Then Entra ID timed out. Two hours later, Vanta flagged a compliance gap. All because our OpenID Connect (OIDC) flows were brittle.
Integrating identity systems should be boring. It should work the first time, every time. Yet, managing multiple providers — Okta, Entra ID, Vanta, and others — often turns into a patchwork of scripts, outdated docs, and mystery errors.
OIDC is the bridge these systems use to authenticate and authorize users. Done right, it creates a single, secure flow no matter which identity provider you choose. Done wrong, it slows down launches, breaks compliance, and exhausts engineering teams.

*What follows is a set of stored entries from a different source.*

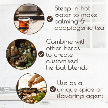 • NUTRITIOUS SUPPLEMENT: Make herbal tea by steeping the ashwagandha root pieces in hot water for 10-15 minutes and then strain. Use as a flavoring agent by adding to soups and stews.
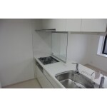 コンロ周りのキッチンパネルと油はねガードはアクリルの造作、レ…
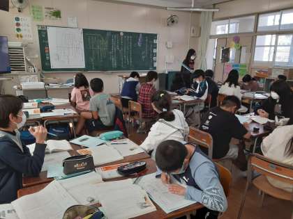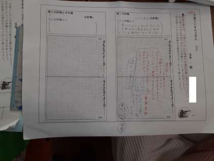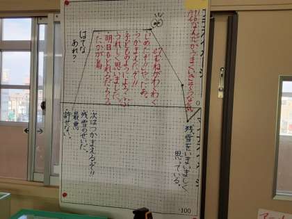 5年生は国語科で「大造じいさんとがん」の学習をしています。大造じいさんは雁を捉えようとするのですが、残雪のためにうまくいきません。そこで、3つの計略を仕掛けました。時間の経過と大造じいさんの気持ちの変化を読み取り、グラフに表していました。
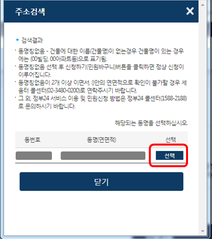 이 중에 조회하고자 하는 집의 호수를 선택 눌러주세요.
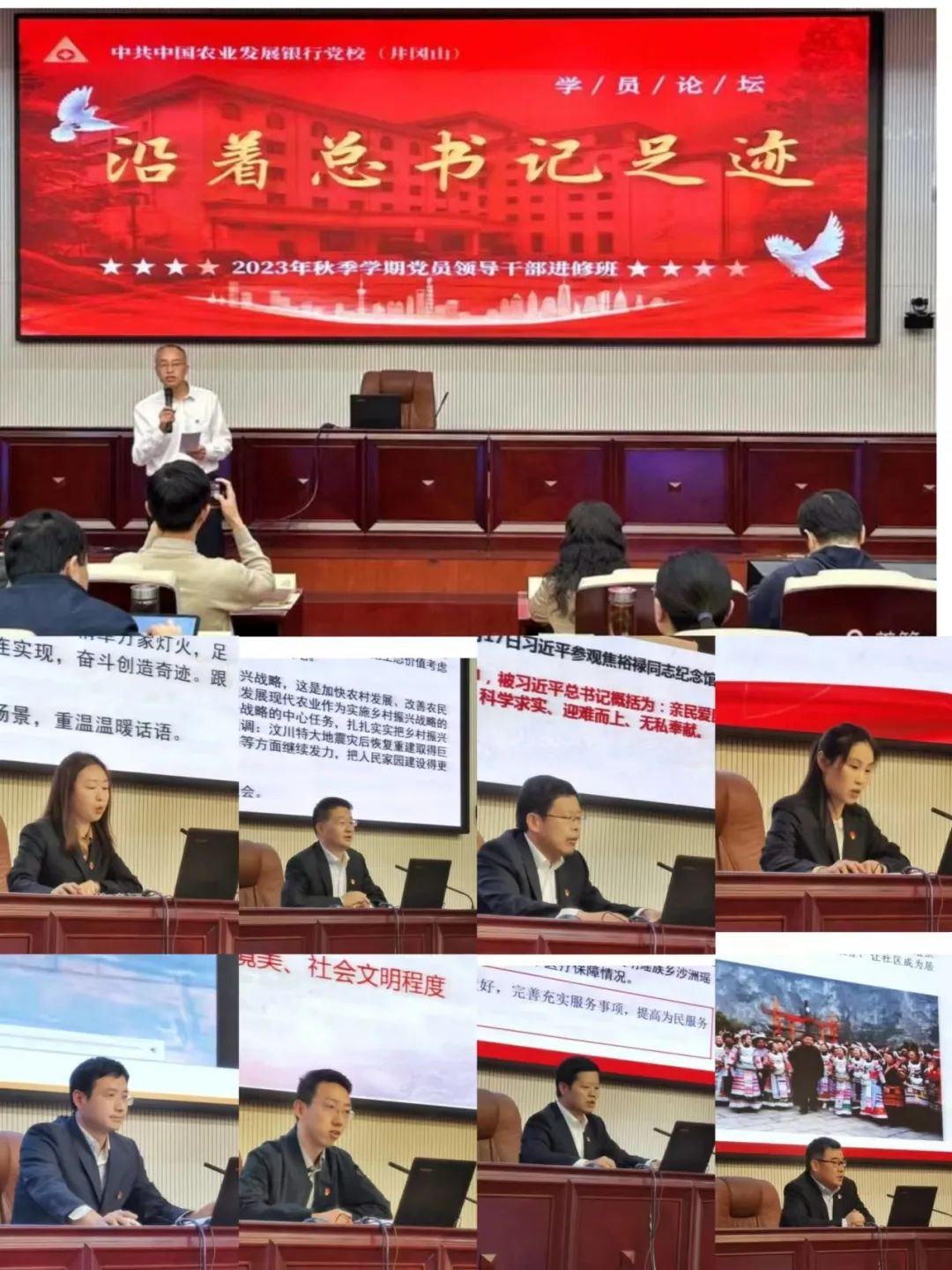 為進一步深化習(xí)近平新時代中國特色社會主義思想和黨的二十大精神的學(xué)習(xí)成果,中國農(nóng)業(yè)發(fā)展銀行井岡山黨校2023年秋季學(xué)期黨員領(lǐng)導(dǎo)干部培訓(xùn)班舉辦3期學(xué)員論壇,全體學(xué)員緊緊圍繞“沿著總書記的足跡”、“堅守共產(chǎn)黨人初心使命,堅持支農(nóng)為國,立行為民”、“樹立正確的權(quán)力觀、政績觀、事業(yè)觀”三大主題,積極開展研討交流。
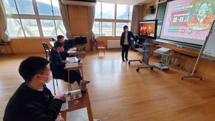 1限の授業の様子 公開日 2023/01/23 更新日 2023/01/23 日々の活動から 1月23日(月) 1年生は、数学で回転体の学習をしていました。各自がタブレットを使ってシミュレーションをしました。 2年生は、保健体育で「応急手当の基本」という内容の授業でした。 3年生は、音楽で「能の特徴を知り、雰囲気を感じとろう」という内容の授業でした。
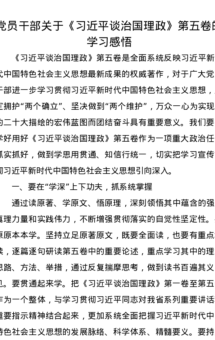 党员干部关于《习近平谈治国理政》第五卷的学习感悟
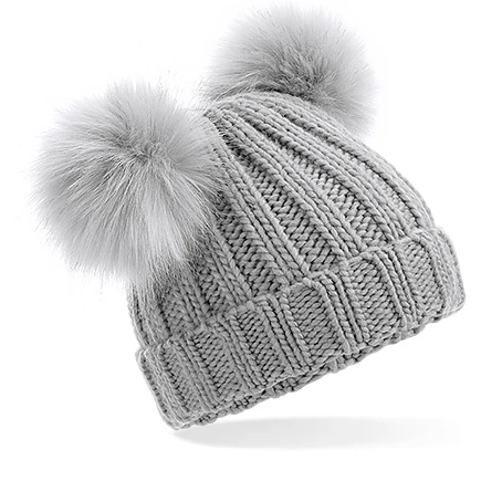 Štítek TearAway pro snadnou změnu značky, přepychový pletený žebrovaný úplet, luxusní bambule z umělé kožešiny, neodnímatelné bambulky pro větší bezpečnost, manžetový design pro optimální dekoraci
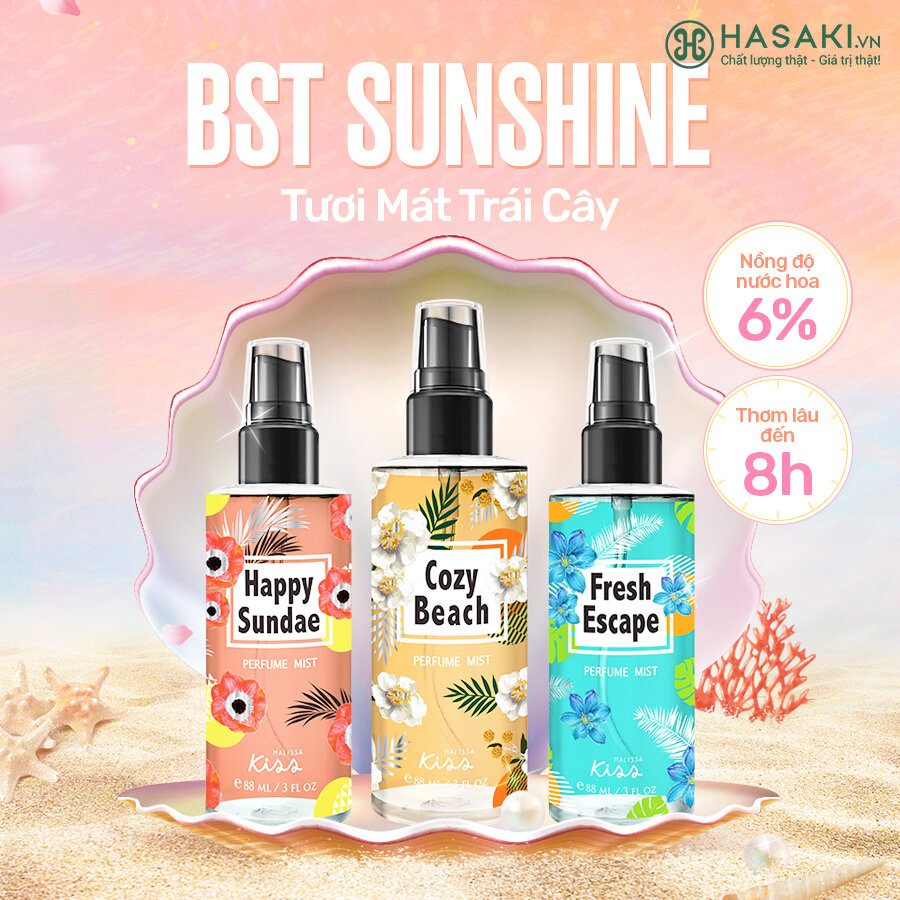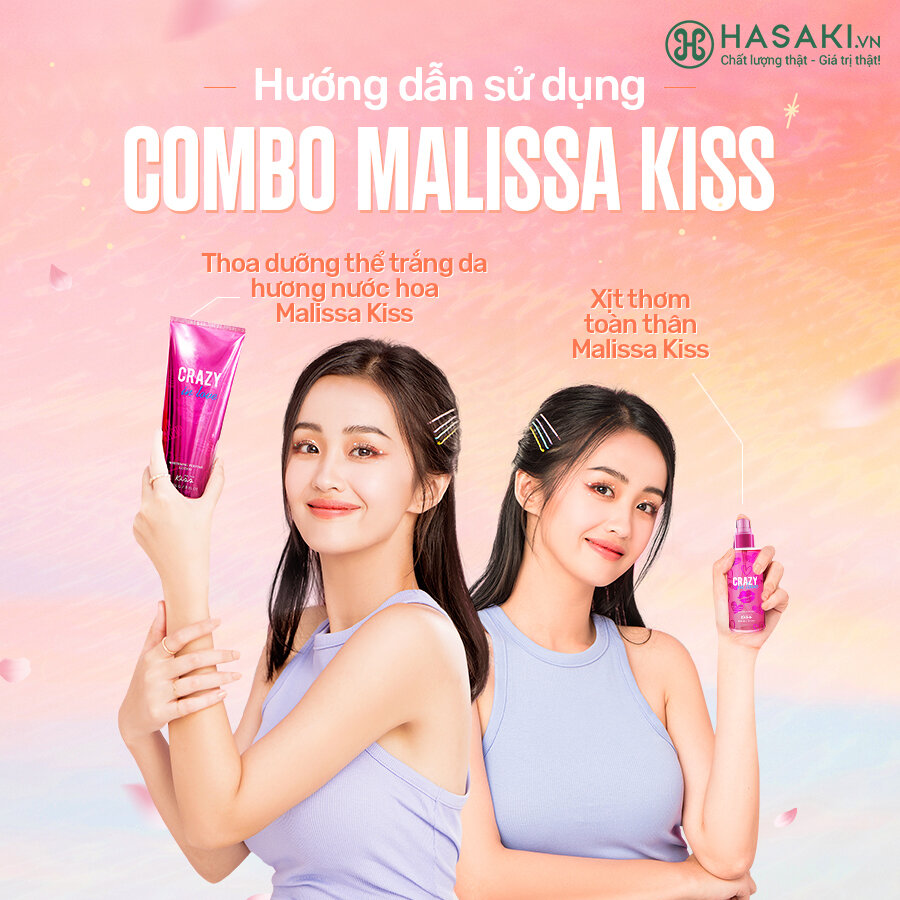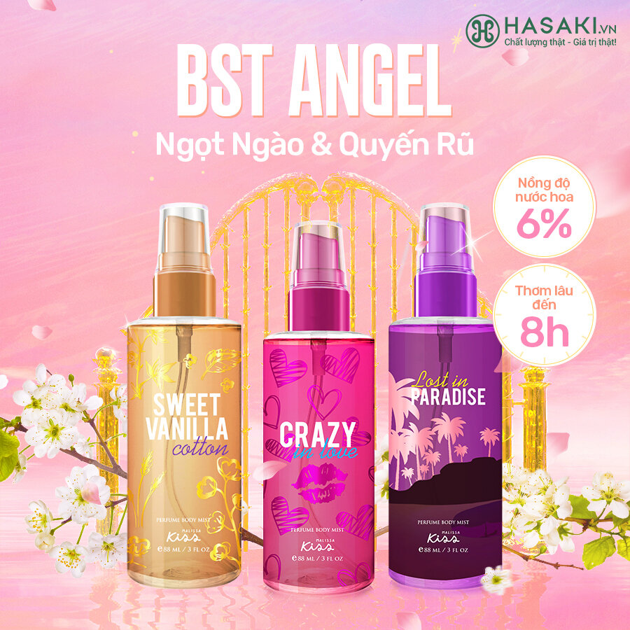 Xịt thơm toàn thân Malissa Kiss được tạo ra với công thức độc quyền từ phòng thí nghiệm tại Thái Lan. Hiện sản phẩm Xịt Thơm Toàn Thân Malissa Kiss Perfume Body Mist 88ml đã có mặt tại Hasaki với 6 mùi hương được chia ra 2 BST chính:
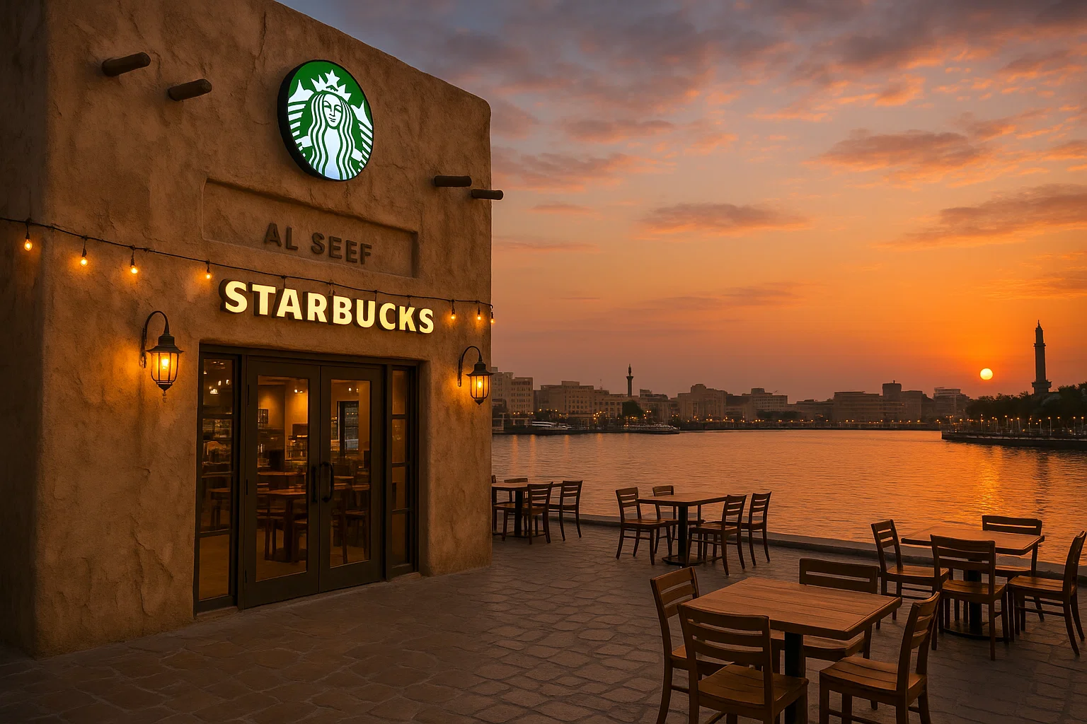 ドバイ・クリーク沿いのMarsa Al Seefには、伝統建築風ファサードが絵になるスタバも。夕景のテラス席が心地よく、旧市街の雰囲気を味わえます。
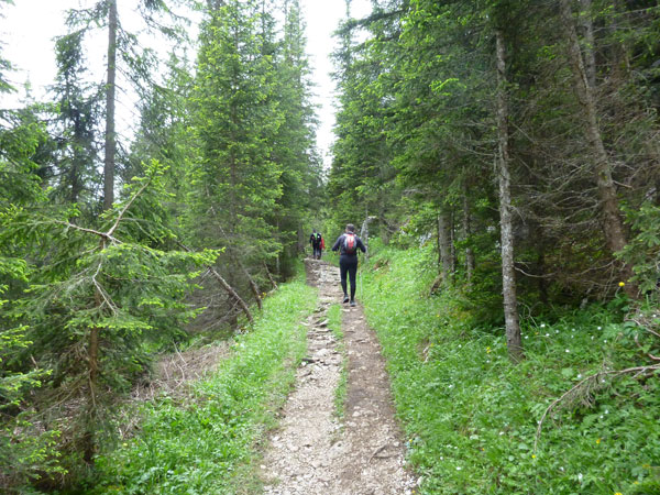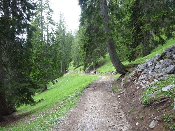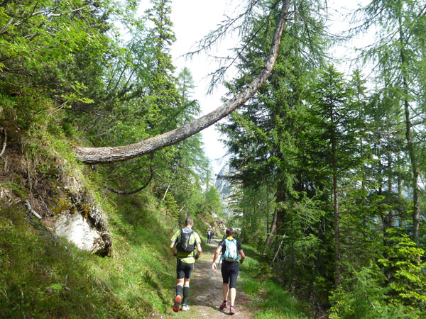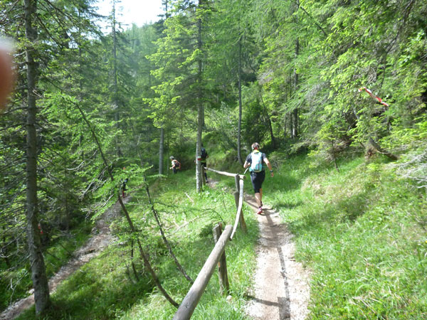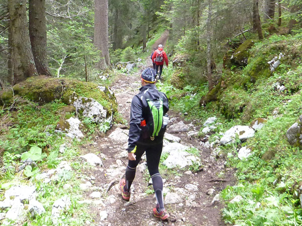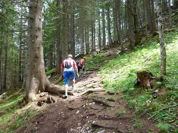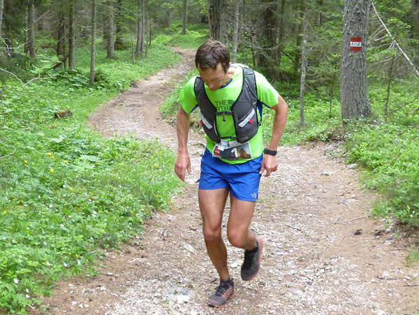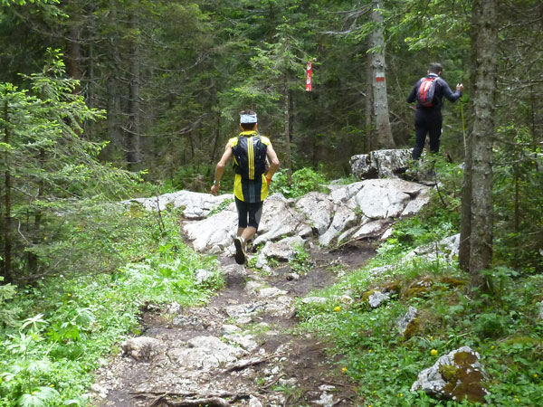 Kurz nach unserer Jausenstation werde ich bereits von Sébastien Spehler, dem führenden Läufer des LUT, überholt. Von hinten kommt lange nichts mehr, er hat einen riesigen Vorsprung. Wurzelig und trailig geht es noch einige Zeit für uns abwärts. Immer wieder passieren wir Wanderer, die uns ausnahmslos anfeuern.
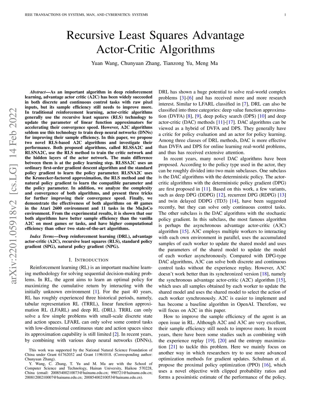 Recursive Least Squares Advantage Actor-Critic Algorithms
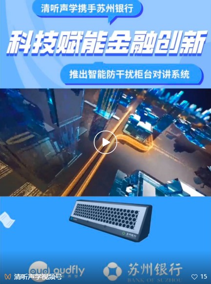 清聽聲學和蘇州銀行自2021年建立“聯(lián)合實驗室”以來,持續(xù)圍繞智慧金融、智慧柜臺、音頻適老化升級全面開展深度合作,積極探索“聲學+金融”一系列新技術(shù)研究成果落地轉(zhuǎn)化。除業(yè)內(nèi)首創(chuàng)基于定向發(fā)聲技術(shù)的智能防干擾柜臺對講系統(tǒng)外,未來將從智能交互和用戶隱私安全角度著手,結(jié)合清聽聲學最新一代屏幕定向發(fā)聲技術(shù),集成現(xiàn)有顯示屏作為發(fā)聲單元,提升語音清晰度,構(gòu)建柜臺對講私域聲場,符合銀行業(yè)音視頻一體化要求的先進音頻系統(tǒng),不斷提升銀行業(yè)科技化、智能化服務(wù)水平和能力。
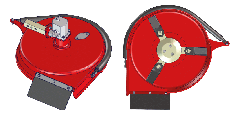 TONDO BROYEUSE Ø 600 mm, avec moteur centré (MC). Elle est équipée d’un moteur hydraulique centré entraînant un porte-lames pourvu de 6 couteaux.
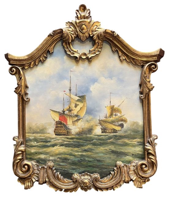 20th Century English School - an oil on canvas laid on board maritime painting depicting possibly the HMS Expedition during Wager's Action off Cartagena. The painting depicting the galleon against another ship with smoke and rough seas. Signed R T to lower right. Framed in giltwood carved ornate frame.
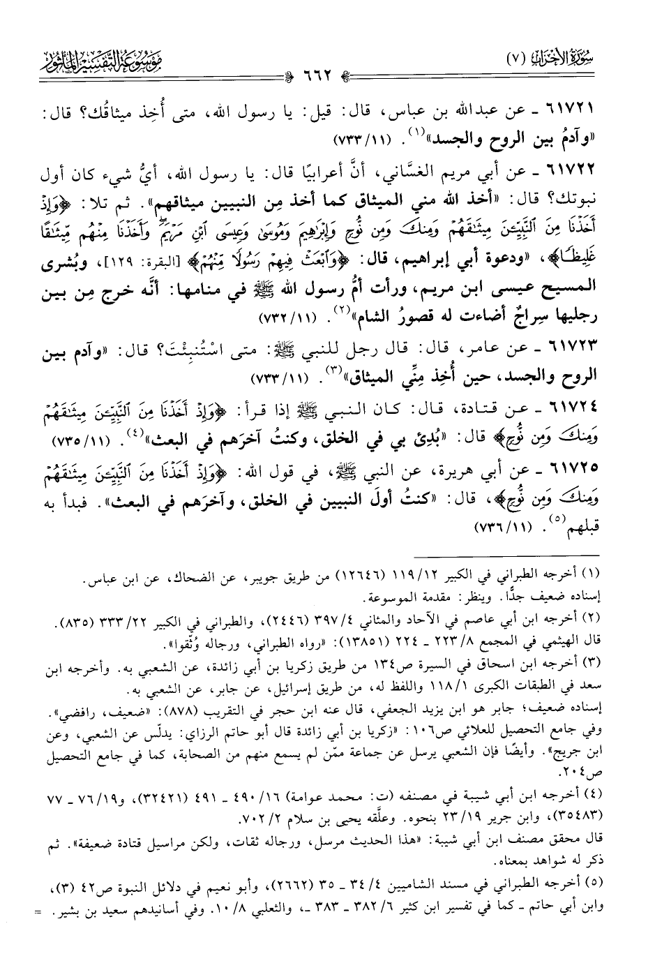 ٦١٧٢٥ - عن أبي هريرة، عن النبي - صلى الله عليه وسلم -، في قول الله: {وإذْ أخَذْنا مِنَ النَّبِيِّينَ مِيثاقَهُمْ ومِنكَ ومِن نُوحٍ}، قال: «كنتُ أولَ النبيين في الخلق، وآخرَهم في البعث». فبدأ به قبلهم (¬٥). (١١/ ٧٣٦)

Okta OIDC integration is a textbook example: configure the app, set the redirect URIs, exchange the authorization code for tokens. But each provider adds its own quirks — Entra ID with its tenant restrictions, Vanta with compliance-focused SSO patterns, and niche IdPs with half-baked metadata. Without a unified approach, you end up debugging callback URLs and decoding JWTs long after the sprint ended.
The solution is to standardize your OIDC workflow. Use one integration layer that abstracts away each provider’s edge cases. When you centralize your OpenID Connect logic, you reduce friction and increase security. Rotating keys, managing scopes, handling token refresh — all happen in one coherent flow.